_ACTION ITEM_
Could you print the stretch of lines below from the one with "Zum Herchenberg: Seine" through the one with "Cosmos flowers stand", exactly as they stand and without any pictures?

_EXTRACTED RECORDS_
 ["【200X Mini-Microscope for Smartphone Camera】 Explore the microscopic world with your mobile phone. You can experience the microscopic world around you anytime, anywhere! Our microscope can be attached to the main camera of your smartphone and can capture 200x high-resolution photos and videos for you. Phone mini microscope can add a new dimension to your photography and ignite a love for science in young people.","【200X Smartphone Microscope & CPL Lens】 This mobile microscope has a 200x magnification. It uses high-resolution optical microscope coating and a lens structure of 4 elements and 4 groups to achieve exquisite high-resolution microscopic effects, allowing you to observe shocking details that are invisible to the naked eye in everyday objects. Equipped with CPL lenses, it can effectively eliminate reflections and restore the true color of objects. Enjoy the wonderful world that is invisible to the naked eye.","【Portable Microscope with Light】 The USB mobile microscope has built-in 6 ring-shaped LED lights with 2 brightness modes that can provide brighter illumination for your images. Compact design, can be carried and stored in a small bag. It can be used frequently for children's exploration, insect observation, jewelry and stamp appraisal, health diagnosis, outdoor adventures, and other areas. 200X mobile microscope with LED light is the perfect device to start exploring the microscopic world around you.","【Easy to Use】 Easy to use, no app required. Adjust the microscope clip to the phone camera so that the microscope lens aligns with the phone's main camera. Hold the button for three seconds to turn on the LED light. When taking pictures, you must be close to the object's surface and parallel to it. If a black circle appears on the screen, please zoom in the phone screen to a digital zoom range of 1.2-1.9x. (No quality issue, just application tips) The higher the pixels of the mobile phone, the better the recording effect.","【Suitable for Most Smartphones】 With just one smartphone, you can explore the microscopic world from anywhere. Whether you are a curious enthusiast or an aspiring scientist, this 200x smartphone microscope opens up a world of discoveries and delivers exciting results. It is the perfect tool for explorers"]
...
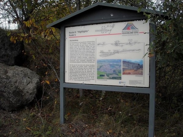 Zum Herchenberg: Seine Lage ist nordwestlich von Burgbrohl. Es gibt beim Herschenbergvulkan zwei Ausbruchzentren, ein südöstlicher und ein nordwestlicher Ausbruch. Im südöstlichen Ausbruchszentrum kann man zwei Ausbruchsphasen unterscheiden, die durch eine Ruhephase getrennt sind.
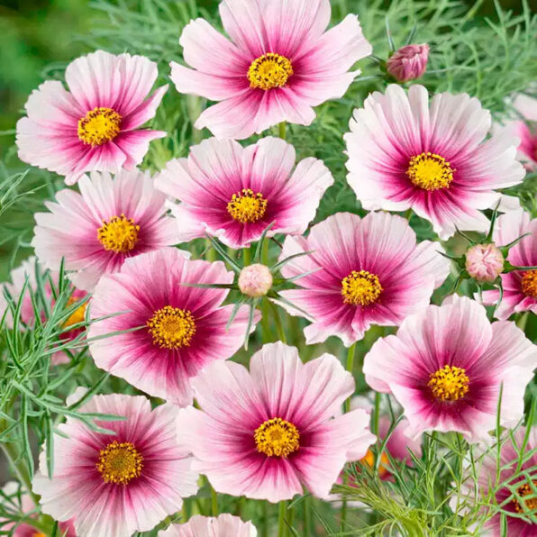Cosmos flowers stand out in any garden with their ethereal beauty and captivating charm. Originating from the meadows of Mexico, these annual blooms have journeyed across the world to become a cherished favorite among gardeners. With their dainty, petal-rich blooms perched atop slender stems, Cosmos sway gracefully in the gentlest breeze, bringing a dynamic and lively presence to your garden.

_EXPECTED ANSWER_
 Zum Herchenberg: Seine Lage ist nordwestlich von Burgbrohl. Es gibt beim Herschenbergvulkan zwei Ausbruchzentren, ein südöstlicher und ein nordwestlicher Ausbruch. Im südöstlichen Ausbruchszentrum kann man zwei Ausbruchsphasen unterscheiden, die durch eine Ruhephase getrennt sind.
Cosmos flowers stand out in any garden with their ethereal beauty and captivating charm. Originating from the meadows of Mexico, these annual blooms have journeyed across the world to become a cherished favorite among gardeners. With their dainty, petal-rich blooms perched atop slender stems, Cosmos sway gracefully in the gentlest breeze, bringing a dynamic and lively presence to your garden.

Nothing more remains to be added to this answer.